Method coinFlip accepts a string holding a file name as its parameter. It opens that file and reads its contents as a sequence of tokens. Then it reads and scans through each token and the if condition statement:
if (token.equalsIgnoreCase("H")||token.equalsIgnoreCase("Heads"))
checks if the each token in the sequence stored in the file is equal to the H or Heads regardless of the case of the token. For example if the first token in the sequence is H then this if condition evaluates to true. Then the head++ statement increments the count of head by 1. After scanning each token in the sequence the variable count is also increased to 1.

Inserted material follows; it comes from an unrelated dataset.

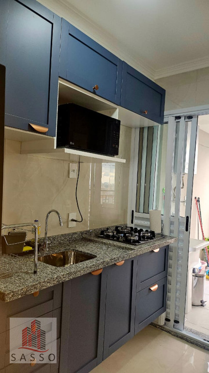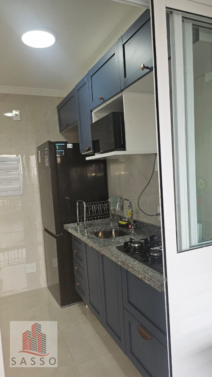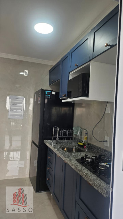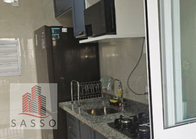 São 48 metros quadrados de área útil, com 2 dormitórios, banheiro, sala integrada, varanda, cozinha, repleto de móveis planejados, micro-ondas, e geladeira, apartamento nunca habitado.

If the token of the sequence is HeAds then this if condition evaluates to true because the lower or upper case difference is ignored due to equalsIgnoreCase method. Each time a head is found in the sequence the variable head is incremented to 1.
However if the token in the sequence is Tails then this if condition evaluates to false. Then the value of head variable is not incremented to 1. Next the count variable is incremented to 1 because this variable value is always incremented to 1 each time a token is scanned because count returns the total number of tokens and head returns total number of heads in the tokens.
Percentage method is used to return the percentage of the number of heads in the sequence. It takes head and count as parameters (h and total). Computes the percentage by this formula h/total* 100. If the result of this is greater than or equal to 50 then the message You win is displayed otherwise message You lose! is displayed in output.